[WHAT IS REQUIRED]
Output the whole listing below exactly, omitting the images.

[THE DATA]

——————————

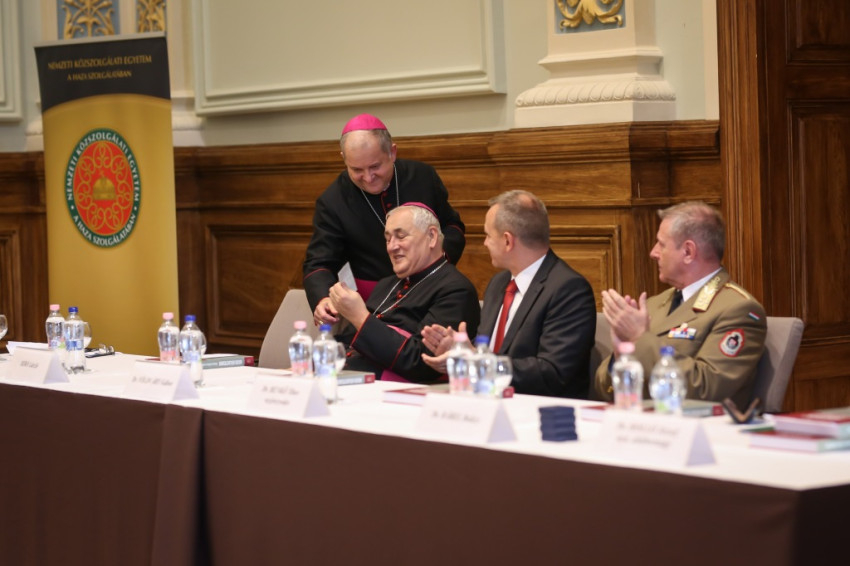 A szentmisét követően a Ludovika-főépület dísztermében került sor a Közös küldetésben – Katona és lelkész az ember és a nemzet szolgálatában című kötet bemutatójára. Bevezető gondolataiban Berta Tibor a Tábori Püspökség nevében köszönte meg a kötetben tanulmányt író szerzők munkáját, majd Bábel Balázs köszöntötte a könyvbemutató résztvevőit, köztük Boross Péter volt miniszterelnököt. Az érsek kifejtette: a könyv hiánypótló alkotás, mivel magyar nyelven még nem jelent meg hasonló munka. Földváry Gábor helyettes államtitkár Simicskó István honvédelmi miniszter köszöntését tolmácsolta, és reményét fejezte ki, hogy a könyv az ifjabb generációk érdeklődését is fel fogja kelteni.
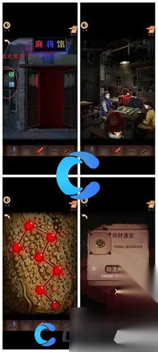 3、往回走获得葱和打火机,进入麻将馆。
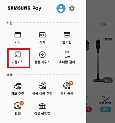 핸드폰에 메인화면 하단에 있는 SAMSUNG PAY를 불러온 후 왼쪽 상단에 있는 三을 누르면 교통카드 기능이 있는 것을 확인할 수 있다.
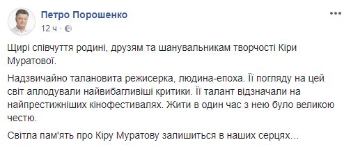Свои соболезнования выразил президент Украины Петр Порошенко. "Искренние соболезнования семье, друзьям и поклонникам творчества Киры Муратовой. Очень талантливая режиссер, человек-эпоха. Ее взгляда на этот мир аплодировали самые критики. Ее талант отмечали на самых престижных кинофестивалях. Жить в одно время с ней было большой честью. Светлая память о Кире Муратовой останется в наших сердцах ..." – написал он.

——————————

[EXPECTED OUTPUT]
 A szentmisét követően a Ludovika-főépület dísztermében került sor a Közös küldetésben – Katona és lelkész az ember és a nemzet szolgálatában című kötet bemutatójára. Bevezető gondolataiban Berta Tibor a Tábori Püspökség nevében köszönte meg a kötetben tanulmányt író szerzők munkáját, majd Bábel Balázs köszöntötte a könyvbemutató résztvevőit, köztük Boross Péter volt miniszterelnököt. Az érsek kifejtette: a könyv hiánypótló alkotás, mivel magyar nyelven még nem jelent meg hasonló munka. Földváry Gábor helyettes államtitkár Simicskó István honvédelmi miniszter köszöntését tolmácsolta, és reményét fejezte ki, hogy a könyv az ifjabb generációk érdeklődését is fel fogja kelteni.
 3、往回走获得葱和打火机,进入麻将馆。
 핸드폰에 메인화면 하단에 있는 SAMSUNG PAY를 불러온 후 왼쪽 상단에 있는 三을 누르면 교통카드 기능이 있는 것을 확인할 수 있다.
Свои соболезнования выразил президент Украины Петр Порошенко. "Искренние соболезнования семье, друзьям и поклонникам творчества Киры Муратовой. Очень талантливая режиссер, человек-эпоха. Ее взгляда на этот мир аплодировали самые критики. Ее талант отмечали на самых престижных кинофестивалях. Жить в одно время с ней было большой честью. Светлая память о Кире Муратовой останется в наших сердцах ..." – написал он.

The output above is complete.